III. Leaf Spines and Prickles
Leaves of certain plants develop spinesent structures. Either on the surface or on the margins as an adaptation to herbivory and xeric conditions. Example: Zyzypus Argemone mexicana (Prickly poppy), Solanum trilobatum. In xerophytes such as Opuntia (Prickly pear) and Euphorbia leaves and stipules are modified into spines.

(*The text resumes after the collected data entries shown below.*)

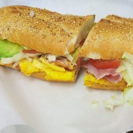 Baguette de huevo con jamón de pavo, aderezos, lechuga, jitomate, cebolla, aguacate, queso blanco y chile nacho en vinagre.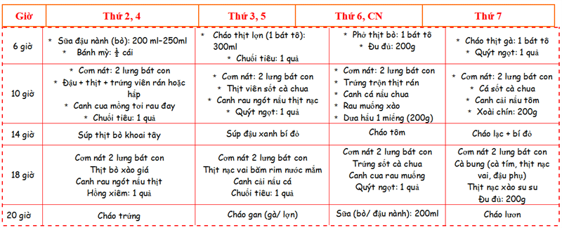 • Mẹ có thể tăng giảm khoảng cách giữa các giờ ăn trong thực đơn ở trên cho phù hợp với thói quen sinh hoạt của trẻ. Tuy nhiên, khoáng cách giữa các bữa phụ và bữa chính phải đảm bảo cách nhau ít nhất từ 2 đến 3 giờ.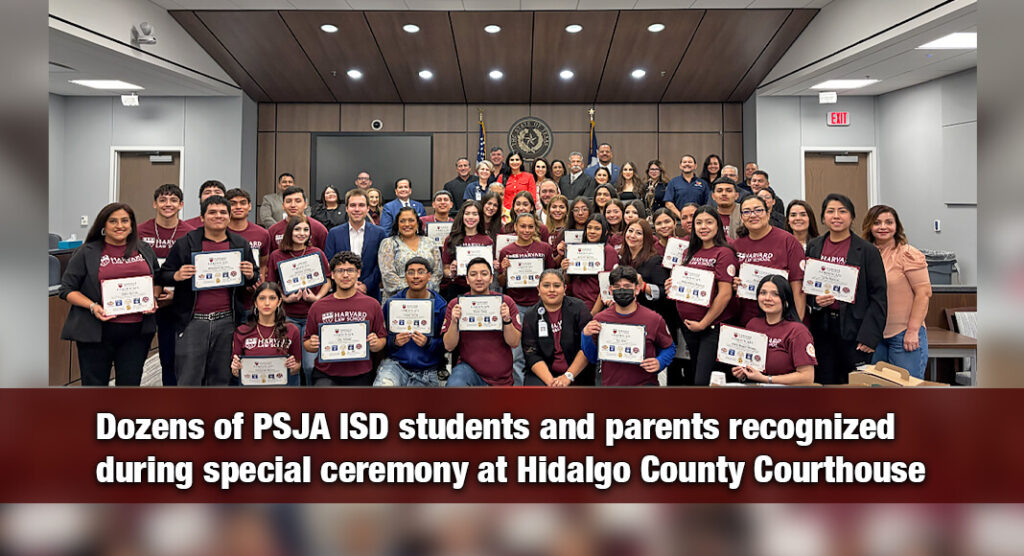 Docenas de estudiantes y padres del Distrito Escolar Independiente de Pharr-San Juan-Alamo (PSJA ISD) fueron reconocidos el 24 de abril de 2026 en el Tribunal del Distrito 370 por haber completado con éxito el Programa Zero-L de la Escuela de Derecho de Harvard, un riguroso curso de educación legal ofrecido a través de una colaboración única entre el Departamento de Sustentabilidad de PSJA ISD, la Escuela de Derecho de Harvard y el Condado de Hidalgo.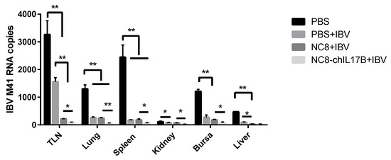 In this study, chickens were challenged with the virulent IBV M41 strain and kept for 10 days to observe their clinical symptoms. Under virulent IBV strain challenge, the chickens in the PBS group presented apparent cough and asthma in the morning. However, there were no apparent symptoms observed in the chickens of the IBV, NC8-P + IBV, or NC8-ChIL17B + IBV groups. To evaluate the resistance effect of the IBV H120 vaccine to the virulent M41 strain, the IBV M41 genome copies in the tissues (i.e., tracheas, lungs, spleens, kidneys, bursae, and livers) on the 10th day post-challenge (dpc) were analyzed by absolute qPCR. As shown in Figure 8, the mean IBV M41 copies in the IBV-immunized groups, namely IBV, NC8-P + IBV, and NC8-ChIL17B + IBV, were very significantly reduced compared to those of the PBS group (p < 0.01). The mean IBV M41 copies in the tracheas, lungs, spleens, kidneys, and bursae from the NC8-ChIL17B + IBV group were very significantly or significantly lower compared to the NC8-P + IBV control group: p < 0.01 in the lungs and p < 0.05 in the tracheas, spleens, kidneys, and bursae.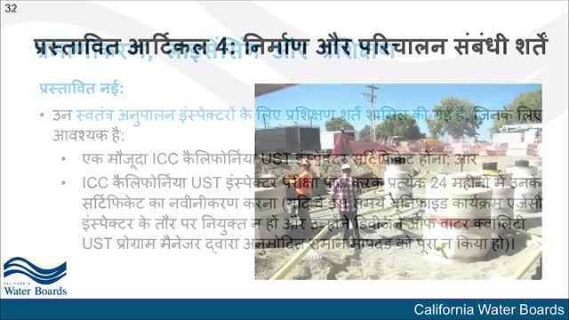 State Water Board staff detailed proposed construction and installation requirements in Article 4 of the draft rewrite. The changes include mandatory manways installed in accordance with manufacturer instructions or recognized engineering standards, labeling requirements (manufacturer identification, production date, maximum burial depth, maximum test pressure and notation of striker-plate-free openings), and markings within the sub-collar for easier post-installation verification.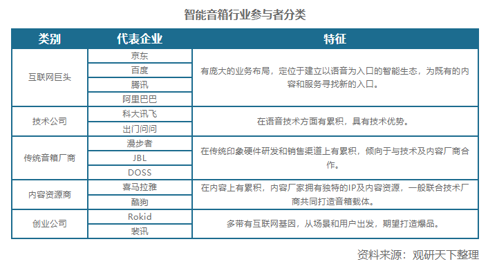 2011年美国亚马逊开始了智能音箱的研发,并于2014年发布了Echo智能音箱,由此智能音箱行业起步发展。随后谷歌、苹果等相继发布智能音箱产品,行业进入爆发式增长阶段。2015年京东联合科大讯飞推出的叮咚智能音箱则是国内智能音箱行业的先行者,此后随着行业向好,参与者不断增多,主要分为互联网巨头、技术公司、传统音箱厂商、内容资源商、创业公司五大类。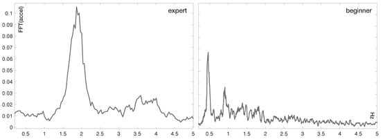 Figure 3 shows two plots of the FFT (Fast Fourier Transform) of the acceleration signal recorded with an iPhone 5 for two aikido practitioners (i.e., an expert and a novice one, respectively) performing the shikko movement. The plot corresponding to the expert clearly reveals a central frequency around 2 Hz. On the contrary, the FFT signal related to the newcomer is more heterogeneous.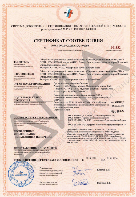 Сертификаты на СИП панели
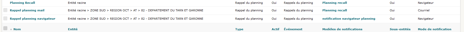 Veuillez nous excuser du délai de réponse, avez-vous une notification dans le modèle de notification « Planning Recall » avec comme mode « Navigateur » ?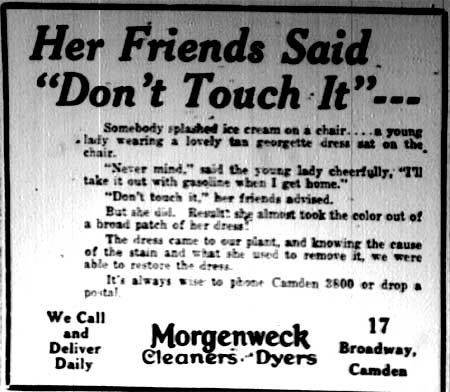 WILLIAM E. "BILLY" MORGENWECK was born September 9, 1869 in New York State. He was, with a relation, Frank "Pop" Morgenweck, one of the organizers of the first basketball league in the United States in the 1890s, the National Basketball League. Billy Morgenweck took to the then-new game as well, as an owner and player-coach of the Camden Electrics. The Electrics, paced by star guard Charles Bossert, were one of the top teams of the early 1900s, playing at the old Sixth Regiment Armory at West and Mickle Streets. The 1902-03 Electrics won 36 times against only 9 defeats. As Camden won both halves of the season they were awarded the NBL pennant and cup without the necessity of any playoff games. He also coached Charlie Newcomb, who went on to fame as a trap shooter. The league folded during the 1903-04 season. Billy Morgenweck was subsequently sued by investors in the team, including local businessman Sig Schoenagle. After the breakup of the NBL, Billy Morgenweck left the sport, but returned as coach of the Camden Alphas in the Eastern Basketball League in the 1910s, tying for first in the league in 1913-14 and 1914-15. By 1920 he owned a property at 17 Broadway, near Federal Street, in Camden, where he lived and operated a dry cleaning and tailor's shop, with wife Margaret and son William P. Morgenweck. He also served on the board of directors of the American National Bank of Camden, which was located at Broadway and Liberty Street, in 1927 and 1928. Other directors then were Joseph B. Stern and D.L. Pinson.. Billy Morgenweck passed away on March 5, 1930 while fishing in Florida. Survived by his wife Margaret and son William P. Morgenweck, who owned a dyeing factory. Billy Morgenweck was buried at Harleigh Cemetery in Camden NJ. |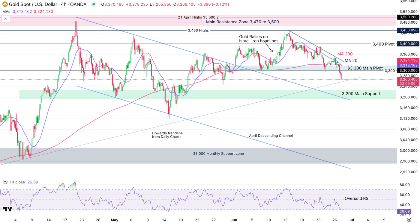 Gold is facing headwinds as bulls failed to retest earlier All-time highs ($3,500) even as global markets went ablaze through the past week war-induced volatility.
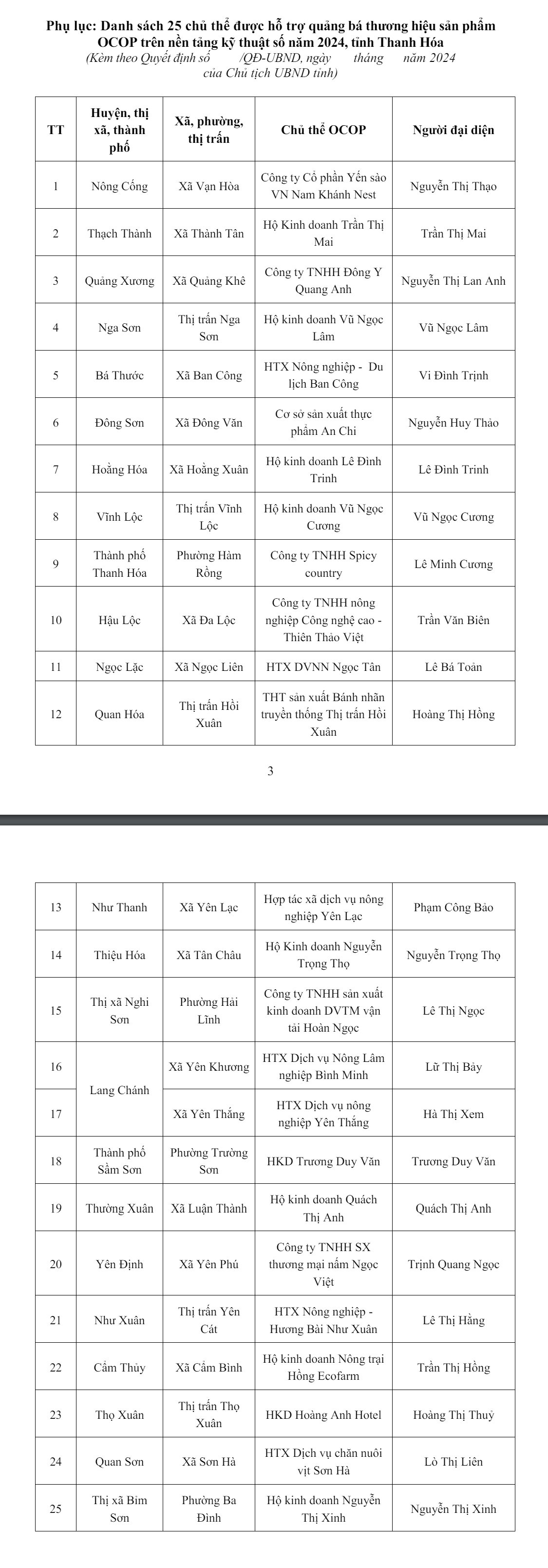 | Danh sách 25 chủ thể được hỗ trợ quảng bá thương hiệu sản phẩm OCOP trên nền tảng kỹ thuật số năm 2024 trên địa bàn tỉnh Thanh Hóa. |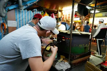 萬華南機場夜市美食很多,位於街尾的【無名推車燒餅】生意很好,每次經過都是大排長龍景象,現做現烤古早味手工長燒餅、鹹酥餅、紅豆餅、甜酥餅通通15元,是米其林必比登推介美食!實際吃過後風味是不錯,就是濃厚的古早炭烤香氣,但若要排太久的話其實好像也沒有一定要吃啦!無名推車燒餅 ❙ 一顆15元、現做現烤 南機場夜市超人氣長燒餅、鹹酥餅、甜酥餅!就是一台餐車,沒有店名招牌,販賣的品項就只有長燒餅、鹹酥餅、紅豆餅、甜酥餅,都是超銅板價格15元生意很好,店家人員也很忙碌,手都沒有停下來,只營業下午時間,看網路上是寫下午四點至晚上八點,每週三公休,不確定這樣的時間是否正確生意真的很好,每次來幾乎都是這樣的排隊畫面,這次忍不住也跟著排隊了,因為是手工現做現烤,所以需要等待,大約排了半小時左右吧現做現烤,很喜歡這樣的古早味畫面,烤爐溫度很高,生餅皮放上後很快就變色了在上面烤一段時間後還會夾入烤爐下接近火源的地方烤,烤的過程沒有太久,這樣的手工碳烤過程,一顆只賣15元不貴這個是紅豆餅跟甜酥餅,可由外型跟芝麻顏色區分烤好的餅金黃焦香,看著聞著特別想吃,好誘人啊甜酥餅餅不大,但一個只要15元這樣的大小也可以了,甜酥餅中間是空心的,有包糖,剛烤好熱熱吃糖是流動的,放冷就會凝固了,建議要熱熱吃口感較佳另外還買了紅豆餅跟長燒餅,鹹酥餅早在我們排隊前就已經賣完了,就沒有吃到了紅豆餅包有一層紅豆泥,不會過於甜膩,長燒餅甚麼都沒有包,也沒有芝麻,就是單純的餅香如果你有來南機場夜市,想吃的話可以順便買,但若需要大排長龍的話,個人是覺得就沒有一定要吃到啦!注意!!每個人口感喜好、感受及價值觀不同,文章內容為個人旅遊或享受美食後資訊分享我喜歡不代表你也喜歡,我不愛不表示你也不愛純粹與大家分享旅遊或美食資訊,麻煩請自己多做功課、觀看評論後再決定是否前往旅遊或用餐!…查看更多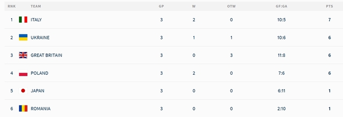 Лідирує збірна Італії з 7 очками, а по шість пунктів мають не лише Україна, а і Польща з Великою Британією.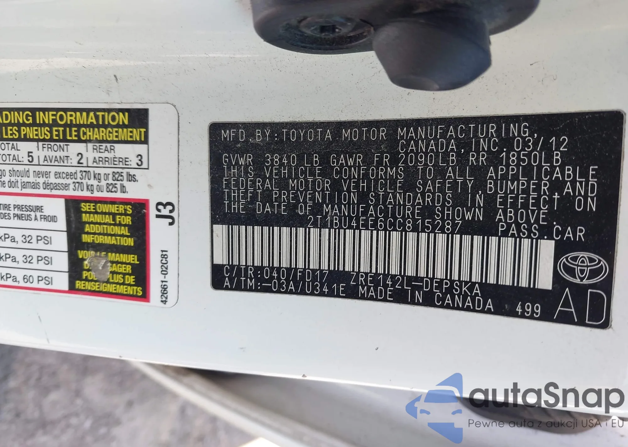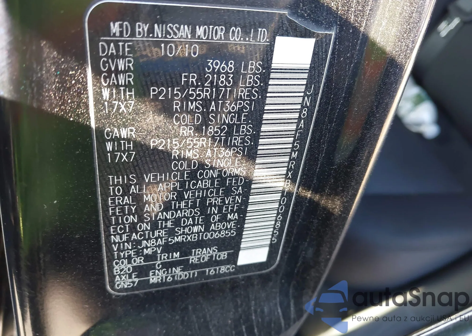 LOT: 42538008 VIN: JN8AF5MRXBT006855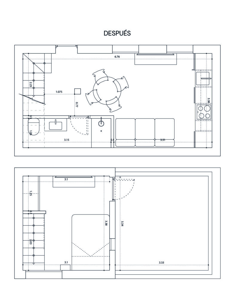 Gracias a los 30 días que ha durado el proyecto de reforma, el dúplex se ha revalorizado un 25% y además se ha transformado en una moderna vivienda con la cocina abierta al salón en la planta inferior y una cómoda habitación con terraza en la planta alta.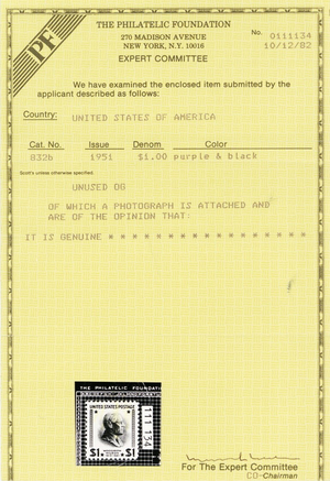 No refunds will be made after 60 days after the sale date unless extra time is granted. Due to the high cost of obtaining certificates we will only refund the cost of the stamp and not the cost of the certificate. For U.S. stamps only certificates from either APS, PSE or from the Philatelic Foundation are accepted, however "graded" certificates or "encased" items are not accepted.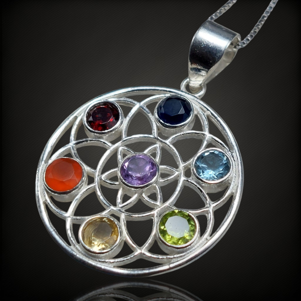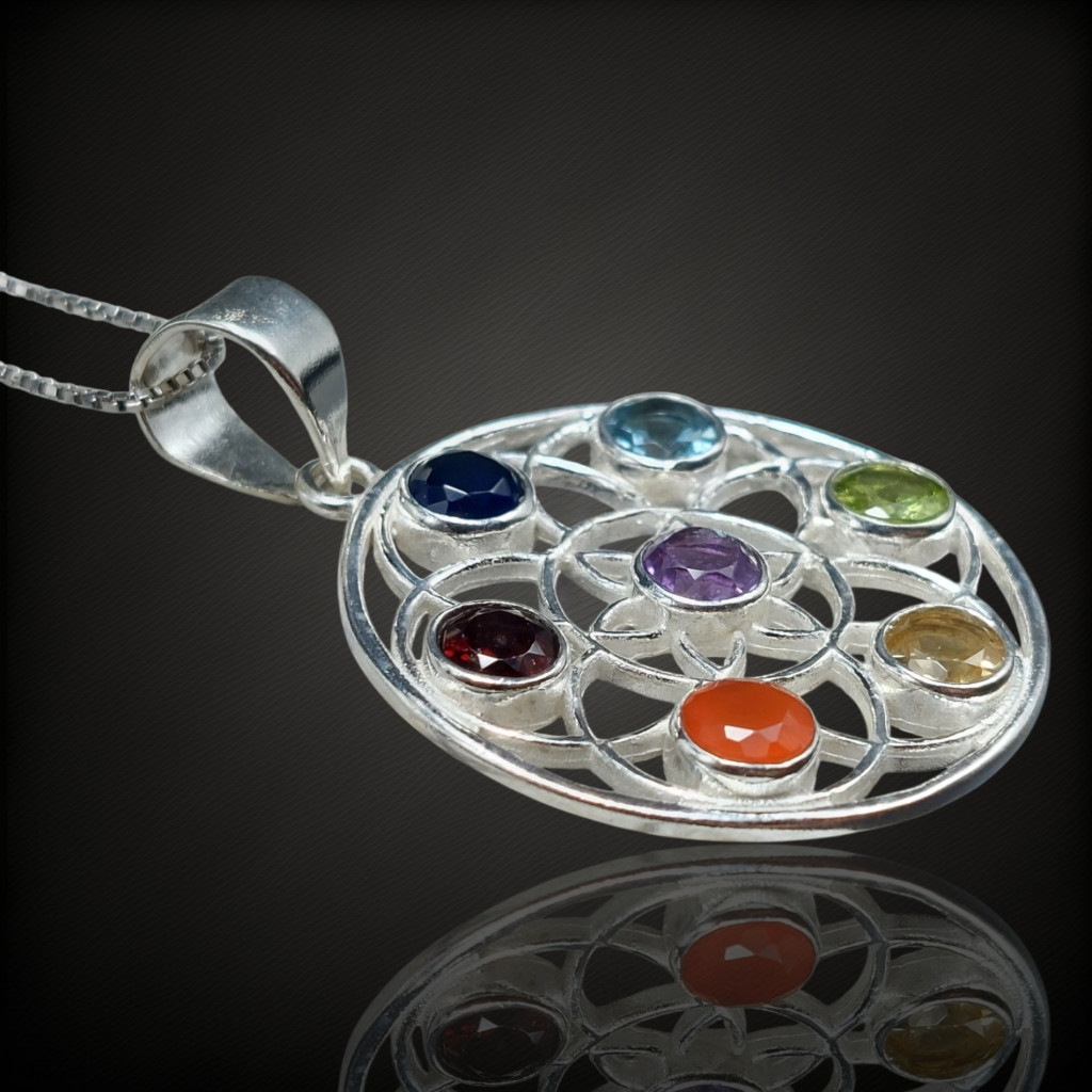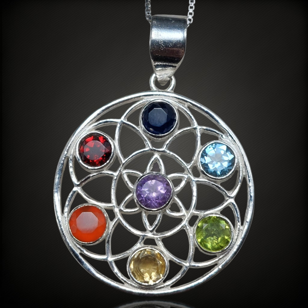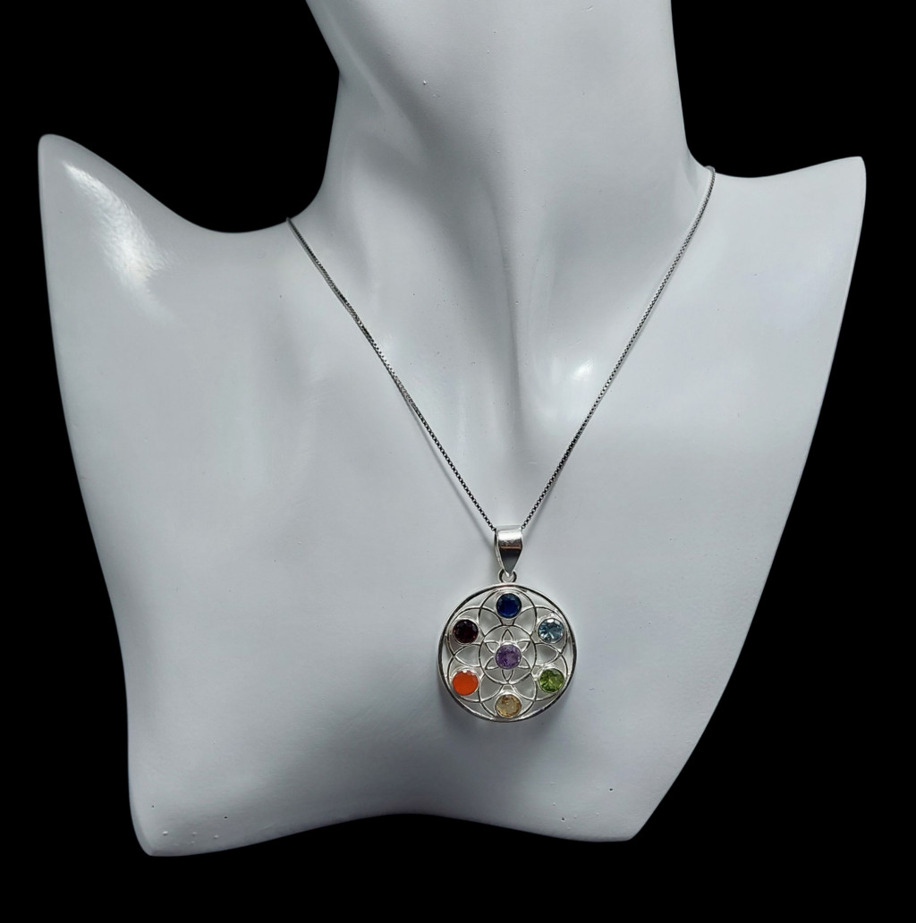 Csakra ezüst medálA medál magassága bújtatóval együtt 41mm.5mm nagyságú iolit, topáz, olivin, citrin, karneol, gránát és ametiszt kövekkel.Az ékszer anyaga 925-ös finomságú ezüst. A kő színe élőben kis mértékben eltérhet a képen láthatótól!A nyaklánc nem tartozék!

Prickles are small, sharp structure which are the outgrowths from epidermal cells of stem or leaf. It helps the plant in scrambling over other plants. It is also protective against herbivory. Example: Rosa spp.
IV. Storage Leaves
Some plants of saline and xerophytic habitats and members of the family Crassulaceae commonly have fleshy or swollen leaves. These succulent leaves store water, mucilage or food material. Such storage leaves resist desiccation. Example: Aloe, Agave, Bryophyllum.
V. Phyllode
Phyllodes are flat, green-coloured leaf- like modifications of petioles or rachis. The leaflets or lamina of the leaf are highly reduced or caducous. The phyllodes perform photosynthesis and other functions of leaf. Example: Acacia auriculiformis (Australian Acacia), Parkinsonia.
VI. Pitcher
The leaf becomes modified into a pitcher in Nepenthes and Sarracenia. In Nepenthes the basal part of the leaf is laminar and the midrib continues as a coiled tendrillar structure. The apical part of the leaf is modified into a pitcher the mouth of the pitcher is closed by a lid which is the modification of leaf apex.
VII. Bladder
In bladderwort (Utricularia), a rootless free- floating or slightly submerged plant common in many water bodies, the leaf is very much segmented. Some of these segments are modified to form bladder-like structures, with a trap-door entrance that traps aquatic animalcules.
VIII Floral leaves
Floral parts such as sepals, petals, stamens and carpels are modified leaves. Sepals and petals are leafy. They are protective in function and considered non-essential reproductive parts. Petals are usually coloured which attract the insects for pollination. Stamens are considered pollen bearing microsporophylls and carpels are ovule bearing megasporophylls.
Leaf duration
Leaves may stay and function for few days to many years, largely determined by the adaptations to climatic conditions.
Caducuous (Fagacious)
Falling off soon after formation. Example: Opuntia, Cissus quadrangularis. Leaf hooks-Bignonia Leaf spines- Opuntia
Deciduous
Falling at the end of growing season so that the plant (tree or shrub) is leafless in winter/ summer season. Example: Maple, Plumeria, Launea, Erythrina.
Evergreen
Leaves persist throughout the year, falling regularly so that tree is never leafless. Example: Mimusops, Calophyllum.
Marcescent Leaves not falling but withering on the plant as in several members of Fagaceae.